Если бы человека удовлетворяла трата своей жизни, чтобы оставаться живым, то, возможно, не было бы проблемы. Хотя у него нет инстинкта муравьев, тем не менее существование, подобное муравьиному, было бы совершенно сносным. Однако часть человеческого условия состоит именно в том, что за этой сферой биологического или материального выживания существует сфера, характерная для человека, которую можно назвать трансвыживанием или транснеобходимостью.

Что это значит? Человек обладает внутренней склонностью не быть, как однажды сформулировал это Эйнштейн, «выплеснутым из чашки» именно из‑за того, что у него есть сознание и воображение и еще потенциальная свобода.
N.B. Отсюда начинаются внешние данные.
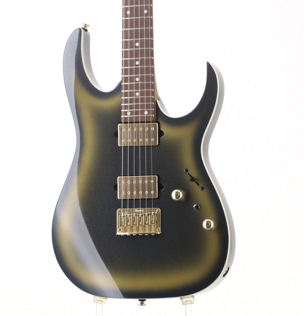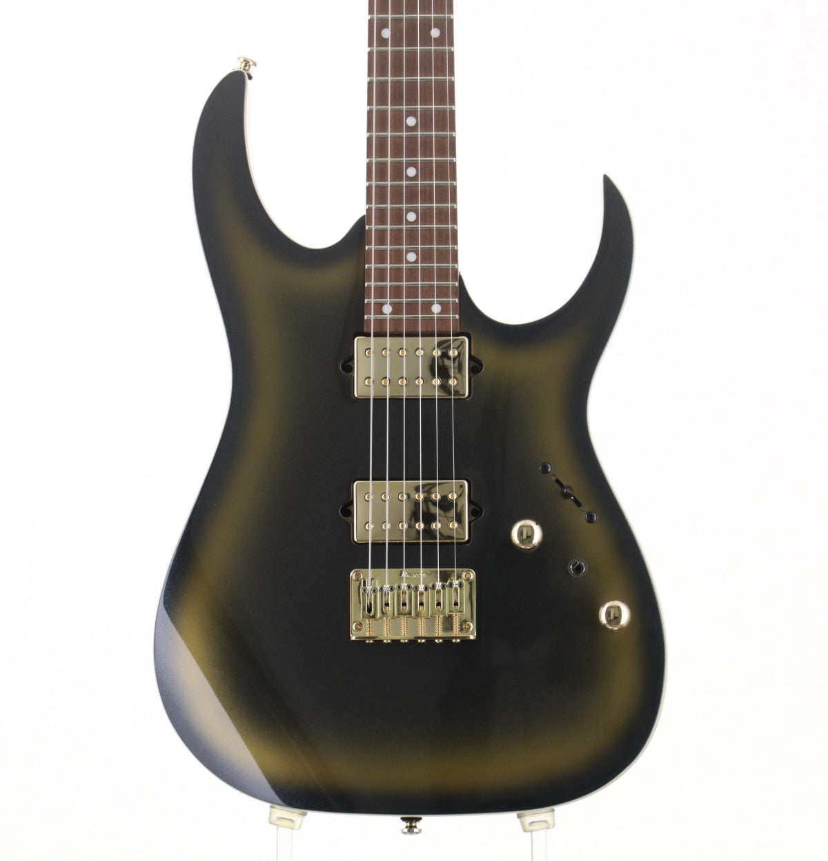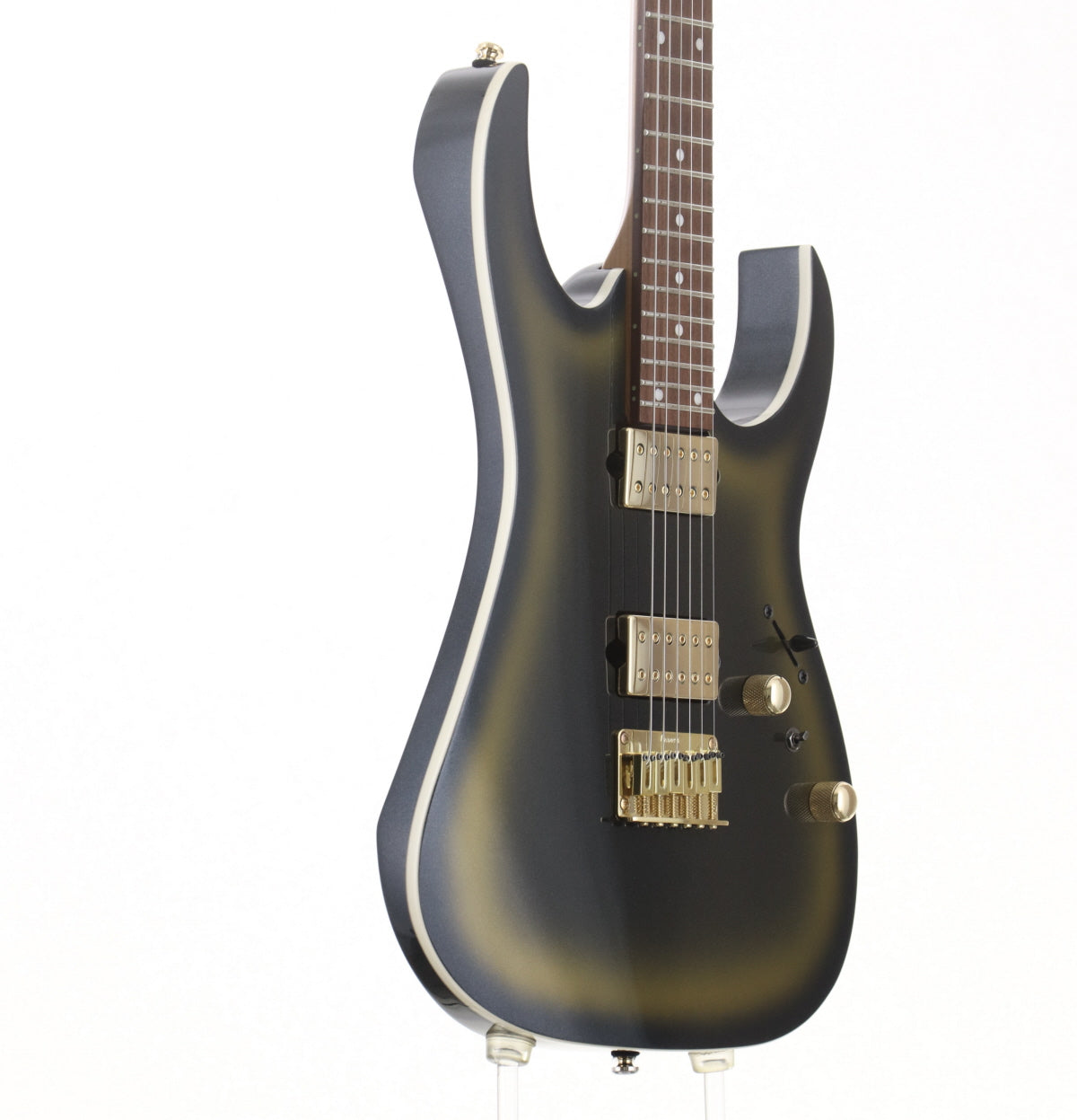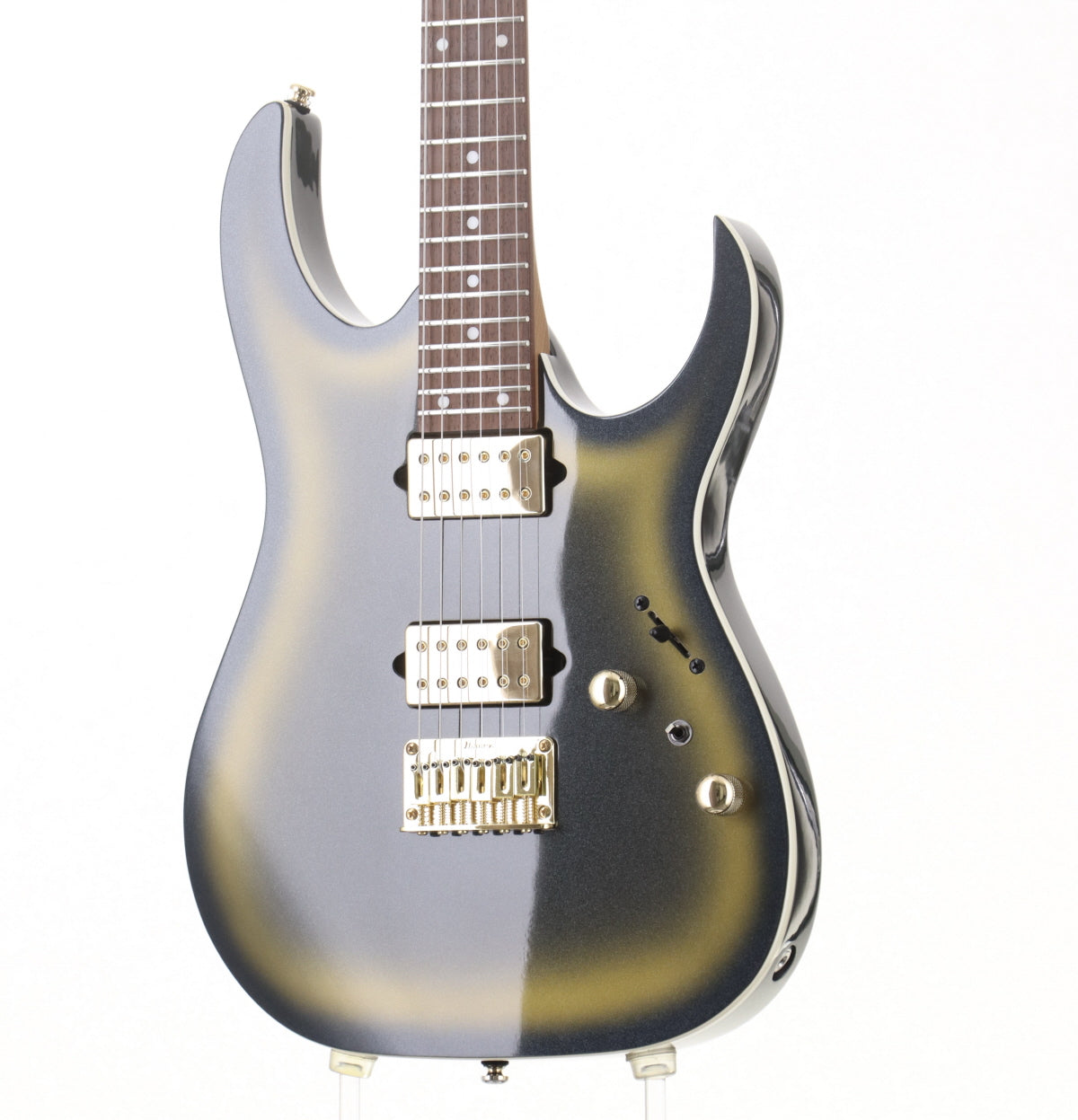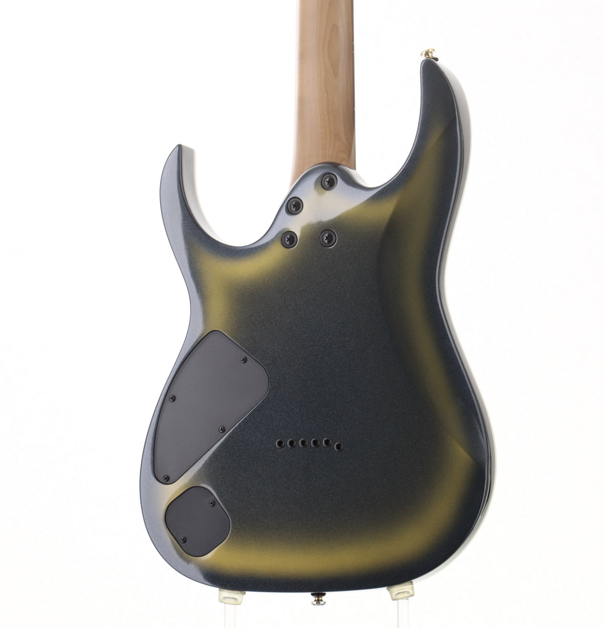 類似モデルから判断するとネックシェイプはおそらくWiazar IIIかと思われます。ほどよく薄く仕上がっており、テクニカルプレイのサポートに一役買ってくれます。 ピックアップはゴールドカバーのディマジオFusion edgeを前後に搭載。

Он хочет знать не только то, что необходимо, чтобы выжить, он хочет понять, что означает жизнь. Он единственное живое существо, осознающее само себя. Он хочет воспользоваться теми способностями, которые развил в процессе истории и которые играют роль большую, чем процесс простого биологического выживания. Голод и секс как чисто физиологические явления принадлежат сфере выживания. (Психологическая система Фрейда страдает одной главной ошибкой, бывшей частью механистического материализма его времени и приведшей его к построению психологии на тех побуждениях, которые служат выживанию.) Но у человека есть страсти — специфически человеческие характеристики, и стоят они над функцией выживания.
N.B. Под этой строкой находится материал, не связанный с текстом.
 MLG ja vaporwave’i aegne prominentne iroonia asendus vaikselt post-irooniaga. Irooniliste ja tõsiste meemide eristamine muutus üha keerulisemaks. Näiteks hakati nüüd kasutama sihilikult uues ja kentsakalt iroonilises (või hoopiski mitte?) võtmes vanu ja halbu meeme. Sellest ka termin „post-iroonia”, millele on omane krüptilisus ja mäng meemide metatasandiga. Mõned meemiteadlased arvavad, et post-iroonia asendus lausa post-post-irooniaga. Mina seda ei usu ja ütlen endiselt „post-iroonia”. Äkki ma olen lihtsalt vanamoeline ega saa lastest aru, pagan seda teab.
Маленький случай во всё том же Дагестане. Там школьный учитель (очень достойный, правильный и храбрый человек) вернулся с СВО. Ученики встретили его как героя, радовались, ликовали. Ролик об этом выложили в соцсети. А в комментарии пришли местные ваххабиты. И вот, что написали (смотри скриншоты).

Никто не выразил эту мысль более ясно, чем Маркс: «Страсть — это способность человека прилагать усилия к обретению своей цели»1. В этом высказывании страсть рассматривается как концепция отношения к миру, или связности. Динамизм человеческой природы в той мере, в какой она человечна, прежде всего укоренен в потребности человека выразить свои способности более в отношении к миру, чем в своей необходимости использовать этот мир как средство удовлетворения своих физиологических потребностей. Это означает: у меня есть потребность видеть, потому что у меня есть глаза; у меня есть потребность слышать, потому что у меня есть уши; у меня есть потребность думать, потому что у меня есть разум; у меня есть потребность чувствовать, потому что у меня есть сердце. Короче говоря, мне нужны человечество и мир, потому что я человек. Маркс объясняет очень ясно, что он имеет в виду под «человеческими способностями», соотнесенными с миром путем страсти: «Человеческая связь с миром — это зрение, слух, обоняние, вкус, тактильные ощущения, наблюдательность, чувствование, желания действия, любовь, где все органы его индивидуальности… активно отражают (Betatigung) человеческую реальность… На практике я могу установить связь с человечеством только через вещь, когда вещь связана с человечеством через человечка»2.
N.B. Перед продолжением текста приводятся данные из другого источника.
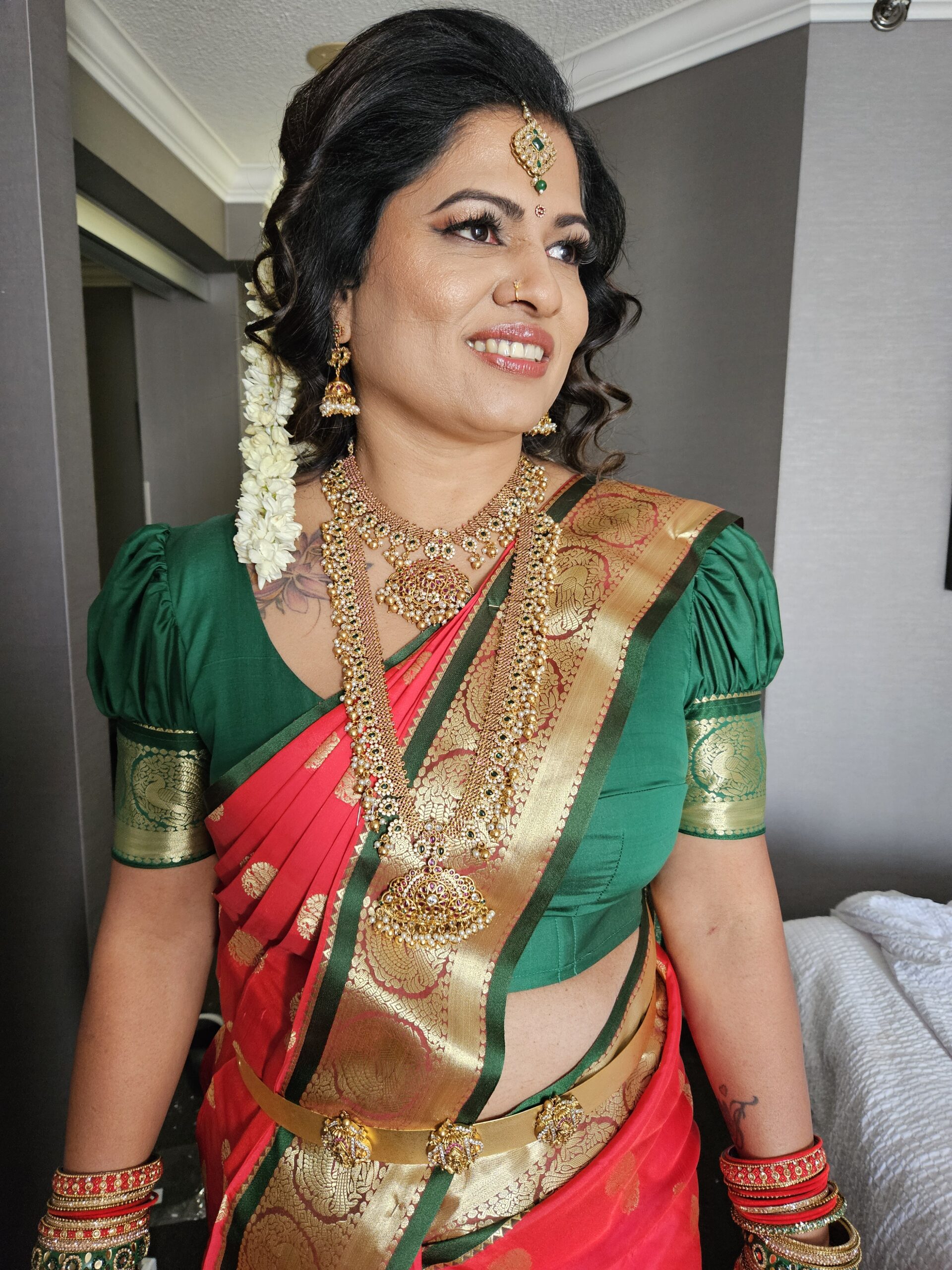 Focus on enhancing your natural beauty for weddings, photoshoots, and special events. Our services include bridal and non-bridal makeup and hair, bridal consults and trials, saree draping, jewelry rentals, and bridal bouquets.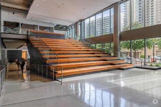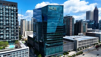 Showcasing a sleek, dark glass curtain wall and striking architectural design, the building makes a commanding statement on the Atlanta skyline. Inside, businesses will find fully furnished, turnkey environments that provide immediate productivity from day one. Engineered for flexibility, the property supports high-intensity technical uses while offering collaborative lounges, quiet focus areas, and a world-class fitness center with private lockers and showers. Expansive floor-to-ceiling windows and modern finishes create a light-filled, inspiring workplace with sweeping city views. Additional amenities include a yoga studio, outdoor terraces, bike storage, EV charging stations, and on-site dining options such as Mr. Merchant's grab-and-go market, Wired coffee shop, and Marche dining hall.
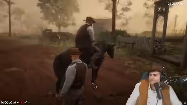 03:24:21Der Stream beginnt in der Stadt Valentine, wo der Protagonist Mario Redington als Neuling auffällt und von den NPCs als Landei bezeichnet wird. Er erkundet die Umgebung, sucht nach einem Waschgelegenheit und interagiert mit einem NPC, um Bier zu kaufen. Dabei kommt es zu kleinen Missverständnissen und humorvollen Dialogen, die die Atmosphäre des Western-Rollenspiels etablieren. Er versucht, ein Pferd zu beschaffen und wird auf den Kauf eines Tennessee Walkers aufmerksam, der 88 Dollar kostet, was sein Budget zunächst sprengt.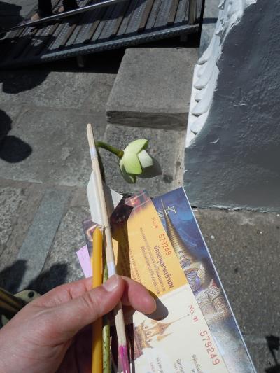 入場してすぐの場所で、ご希望ならお供え物を購入できます。ハスの花とろうそくと線香のセットです。

Человеческие побуждения, будучи трансутилитарными, становятся выражением фундаментальной и специфически человеческой потребности: потребности быть связанным с человечеством и природой и утвердить себя в этой связности.

Это две формы человеческой экзистенции — добывание пищи с целью выживания, в узком или более широком смысле, и свободная и спонтанная деятельность, отражающая способность человека и его стремление найти смысл за пределами утилитарной деятельности. Каждое общество и каждый человек имеют свой собственный особый ритм, в котором эти две формы жизни проявляют себя. Важно заметить, какой относительной силой обладает каждая из двух этих сил и какая из них доминирует.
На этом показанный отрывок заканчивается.